The Guardian has run a very interesting and sympathetic profile of Tom Watson, the bulldog Labour MP who is chewing on Rupert Murdoch's political heart. It gives some great insights into the kind of scum we're dealing with.
Tom Watson: 'Phone hacking is only the start. There's a lot more to come out'A month ago, Tom Watson received word that the Guardian was about to expose the hacking of Milly Dowler's phone by the News of the World. With 72 hours to go, he cleared his diary; a few days later, he was averaging three hours sleep a night, as he and his staff picked through leaked documents, newspaper archives, personal testimony from phone-hacking victims, and more. As the MP who had been obsessively trying to cut through the murk surrounding News International for two years, he well knew that the most dramatic chapter in the two-year phone-hacking saga had arrived – and the imperative now was to work harder than ever.
And has he been surprised by what's happened since? "Yeah.

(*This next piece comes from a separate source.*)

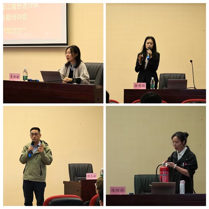 培训伊始,团都江堰市委维权部部长、志工部负责人袁洪敏围绕志愿服务基础认知展开授课,系统梳理项目背景与岗位规范,帮助志愿者明确职责定位。随后,都投集团(阳光公司)余思仪老师带来双语服务专题课程,结合实际服务场景,聚焦跨文化沟通技巧、服务流程规范等核心内容,以实景演练、小组互动等形式传授实用技能,现场学习氛围浓厚。都江堰市文广体旅局付三云老师深入解读都江堰双遗文化的历史底蕴与人文价值,丰富志愿者文化储备,为讲好世遗故事夯实知识基础。都江堰市应急局陈玲玲老师则聚焦志愿服务安全保障,通过真实案例讲解应急处置流程与风险防范技巧,为志愿服务筑牢安全防线。

I guess two years ago, I felt that all this would probably cost Rebekah Brooks her job. I thought the scale of wrongdoing was so great that somebody on the UK side of the company would have to take responsibility. And I was absolutely convinced that there was a cover-up. But I didn't know that it would all travel abroad. I didn't know it would get to America and Australia, and everywhere that it has." The closure of the News of the World, he says, came as "a genuine shock" to him, but he says that the same applied to News International: "There was a huge consumer boycott, there was going to be no advertising . . . I don't think they had a choice."
There is one fascinating subtext to the whole story: Watson's claim that Brooks has long been driven to damage him, which he says dates back to his move against Blair. "I had one particular chilling conversation in 2006," he says, "when I was told that she would never forgive me for doing what I did to 'her Tony'. When I was made an assistant whip under Brown, the Sun did a story saying it was an outrageous I'd been awarded a job. Whenever I moved, there was a dig. It's painful and it's not easy, but that's the job, and the culture we operated in. It's when it's scaled up that those attack pieces take on a greater significance." But in all seriousness, at that point the pressure was immense. There were little conversations with people: 'We've had News International on the phone, how aggressive are you going to be on this committee? What are you going to ask?'" Who was asking that? "People who worked at No 10. People I'd worked with before. In conversations, these things were dropped in."
(
GG: For me, this next paragraph is fascinating. Tom now finally gets it. )So, he has changed. "I have changed. This has been a profoundly life-changing event for me, in many ways. It's certainly changed my politics. When I was first elected, I was a completely naive and gauche politician. You look at the pillars of the state: politics, the media, police, lawyers – they've all got their formal role, and then nestling above that is that power elite who are networked in through soft, social links, that are actually running the show. Why didn't I know that 10 years ago, and why didn't I rail against it? Why did I become part of it? I was 34. I'm 44 now. I was naive. But I'll never let that happen again."
This story is likely to get still more amazing before it finally winds up.